Palm oil prices in free fall, other oilseeds bring in - rapeseed can hardly hold
Palm oil , in addition to soy, is regarded as the market leader in the oilseed business. Due to the great exchange possibilities of the vegetable oils among themselves, the prices of the different origins influence each other.
The palm oil courses are currently in free fall. The quotations are within a month of converted almost 450 to approx. 360 € / t liked. The main reason is the increased production in the main production areas of Malaysia and Indonesia, which reach their seasonal peak in each oct of a year. At just average export quantities far above average inventories build up.This process should continue in the next two months because the falling production will still be higher than the uses.

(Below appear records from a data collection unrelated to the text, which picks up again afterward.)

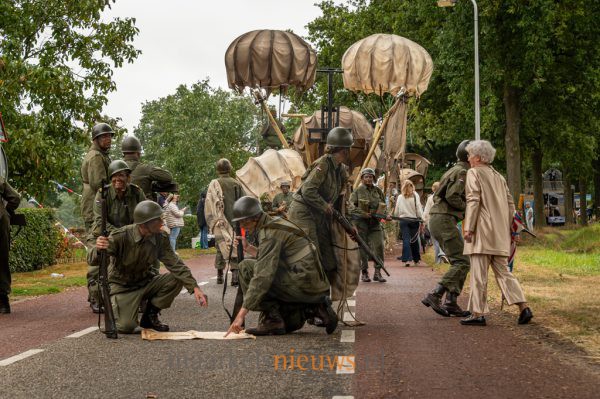 De eerste deelnemers verzamelden zich vanmorgen vanaf 10.00 uur aan de Roosdomsweg voor de opstelling. Daar liep de jury langs om alle wagens en loopgroepen te beoordelen. Ook onderweg langs de route houdt de jury oog voor de deelnemers. “We zijn erg blij met de toename van het aantal wagens en loopgroepen dit jaar,” aldus Rowin Veneman namens de optochtcommissie. Daarbij geeft hij aan dat de jury door die variatie een zware taak heeft. De wagen Soldaat van Oranje had bij de opstelling technische problemen met de bewegende vliegtuigconstructie, maar die werden voor de start van de optocht opgelost.
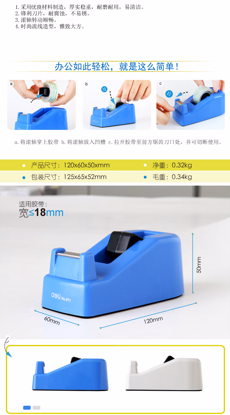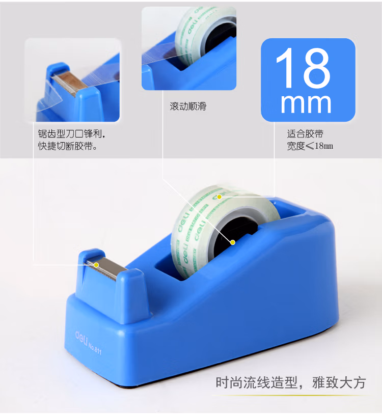 得力(deli)小号胶带座切割器封箱器(胶带宽度 ≤18mm) 灰色811
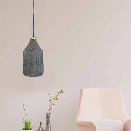 Kezevel Seagrass Weaved Hanging Light - Artistically Handcrafted Pendant Light for Living Room, Bedroom, Balcony and Foyer, Size 30.48X30.48X45.72 CM
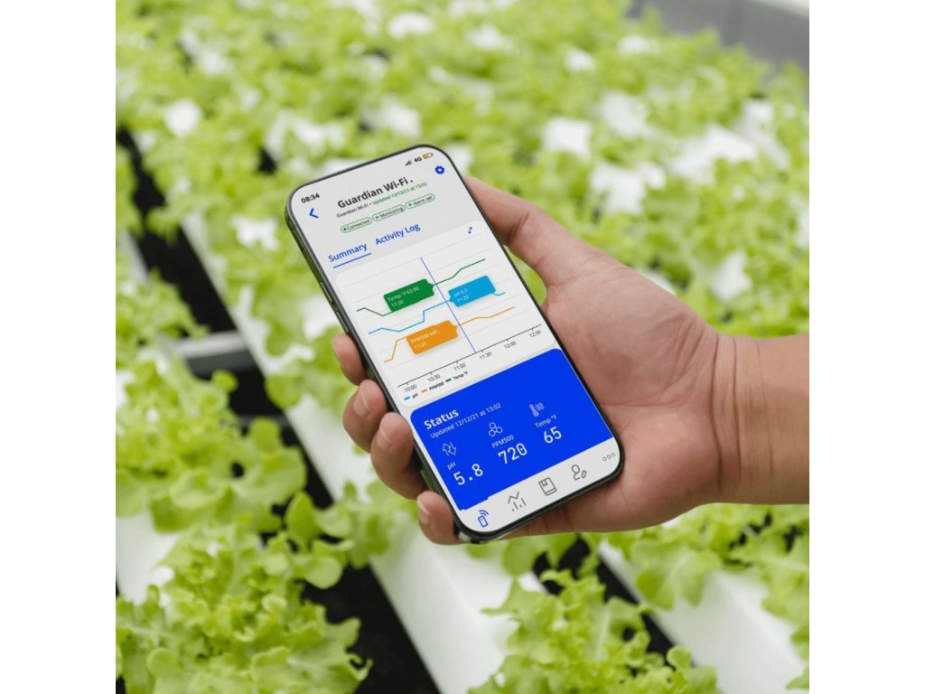 Nepřetržité monitorování: Automaticky měří pH, EC a teplotu 24/7, což zajišťuje optimální podmínky pro růst rostlin.
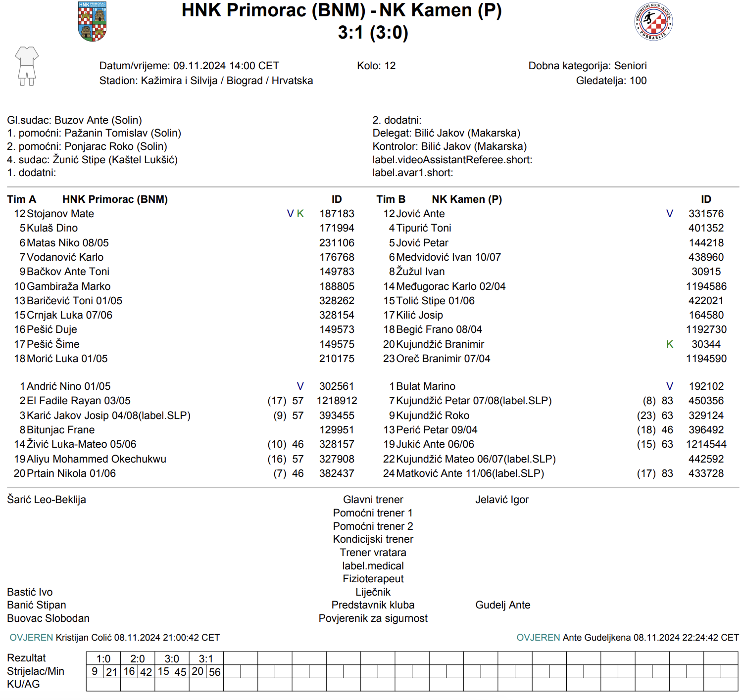 Primorac je ostvario važnu pobjedu na domaćem terenu svladavši Kamen rezultatom 3:1. Ante Toni Bačkov otvorio je rezultat u 21. minuti, a Duje Pešić je povećao prednost domaćih u 42. minuti. Luka Crnjak je u 45. minuti postavio rezultat na 3:0 u korist Primorca, zaključivši prvo poluvrijeme uvjerljivom prednošću. Kamen je smanjio zaostatak u 56. minuti preko Branimira Kujundžića, ali nije uspio preokrenuti rezultat. Ovom pobjedom, Primorac je osvojio vrijedne bodove i popravio svoju poziciju na tablici.
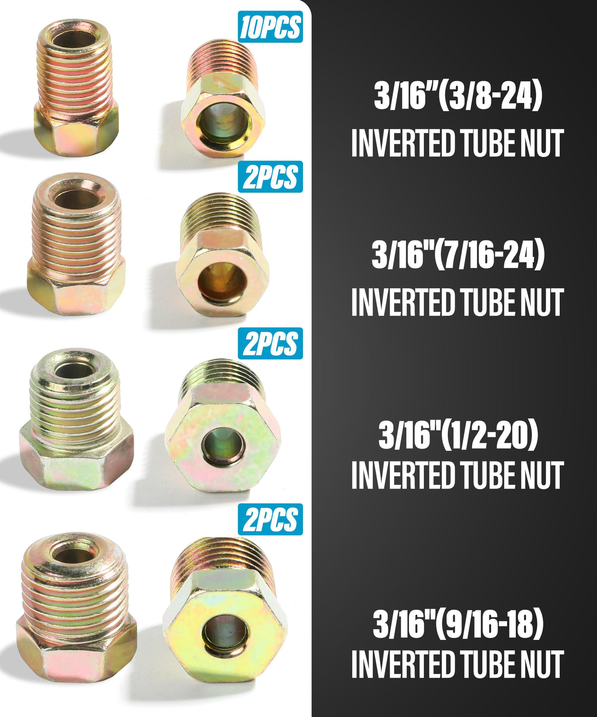 YAKEFLY 25 ft 3/16 Copper Coated Brake Line Kit with 16 Fittings and 4 Unions Brake Line Fittings,Brake Line Double & Single Fla
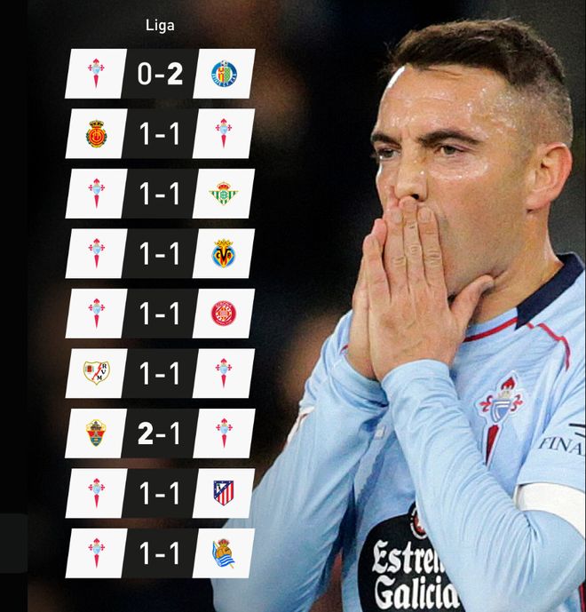 平局大师!本赛季9轮联赛7场1-1,塞尔塔创西甲记录
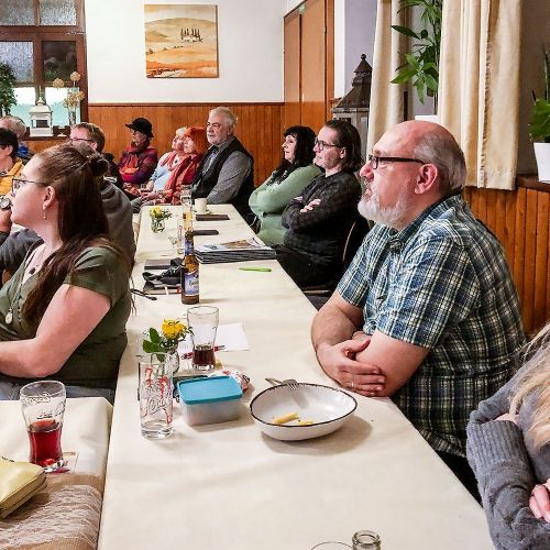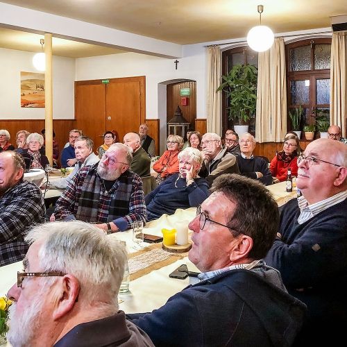 Mit Spannung erwarteten die Zuhörerinnen und Zuhörer im gut besetzen Saal Sünnen, Steffeln, nach der Mitgliederversammlung am 22.03.2024 den Vortrag vom wissenschaftlichen Projektleiter der archäologischen Forschungen in Duppach-Weiermühle, Dr. Peter Henrich.
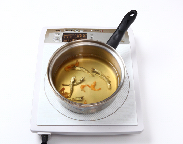 ▶ 육수재료: 국물용 멸치 6마리, 다시마 4조각, 무 50g, 건새우 6마리, 물 6컵
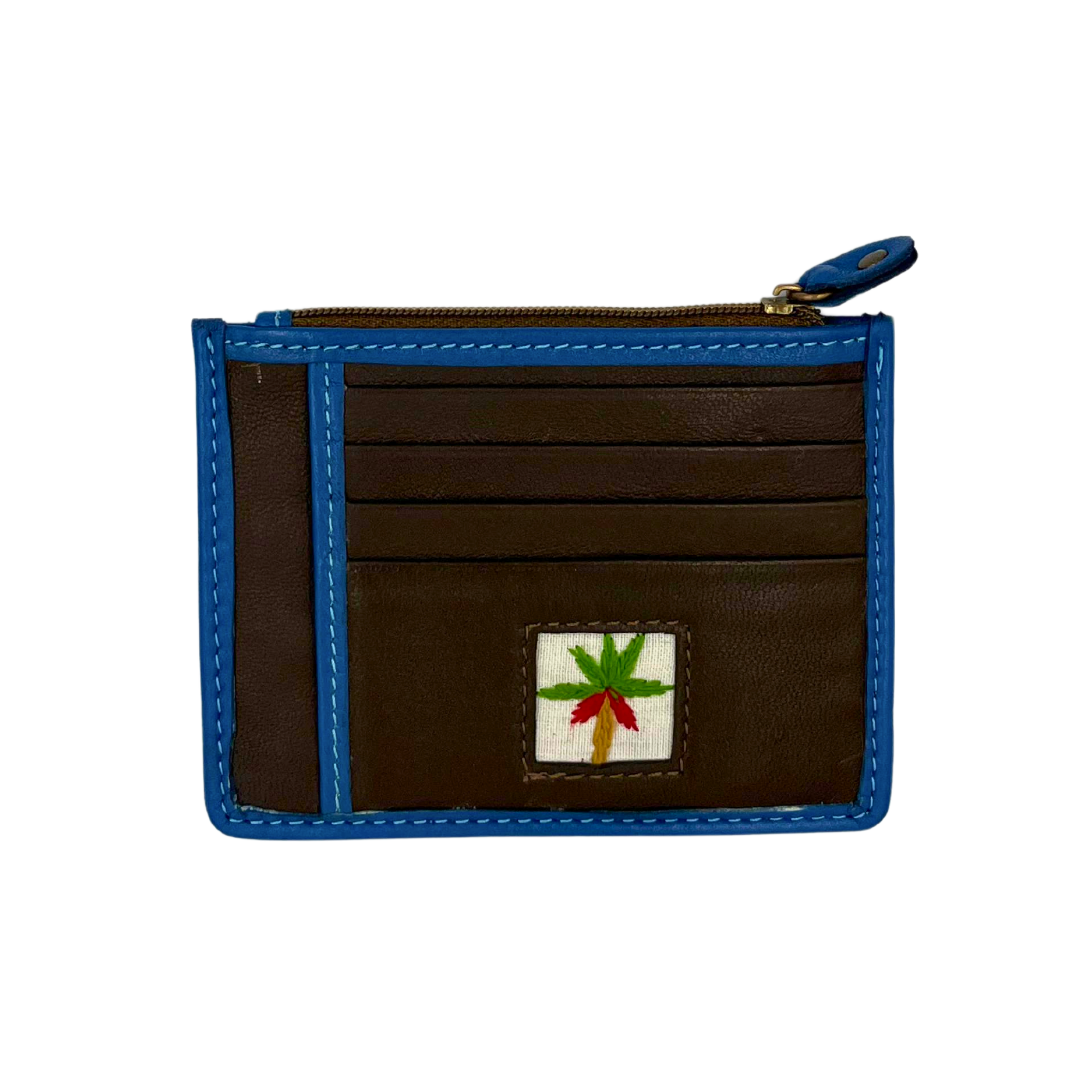 Zipper wallet with card holder on sides with our unique palm embroidery.

In the case of export, especially China as a buyer is clearly lagging behind. The Netherlands has also noticeably reduced its imports. The Philippines are short. The other importers show only limited growth rates.
The fallen crude oil prices reduce the attractiveness of biodiesel production. In any case, the use of palm oil for this purpose in the winter period is withdrawn, because at low temperatures, the risk of flocculation is greater.
Courses in the soy sector are currently torn between hope and anxiety over the reduction of trade tensions in the US-China relationship. Currently, soybean oil prices tend to weaken at a below-average level of 27 USct / pound, or 526 € / t.
The rape courses in Paris have had to yield to the competition under international pressure and are struggling to keep up with the 370 € / t mark. In Canada , the prices for Canola have fallen even more. High initial stocks in conjunction with a good harvest ensure a high supply, which is mainly on the export market , because the processing capacity in their own country are exhausted.
Despite tight EU supply situation in the case of oilseed rape, the courses have little room for improvement for competitive reasons.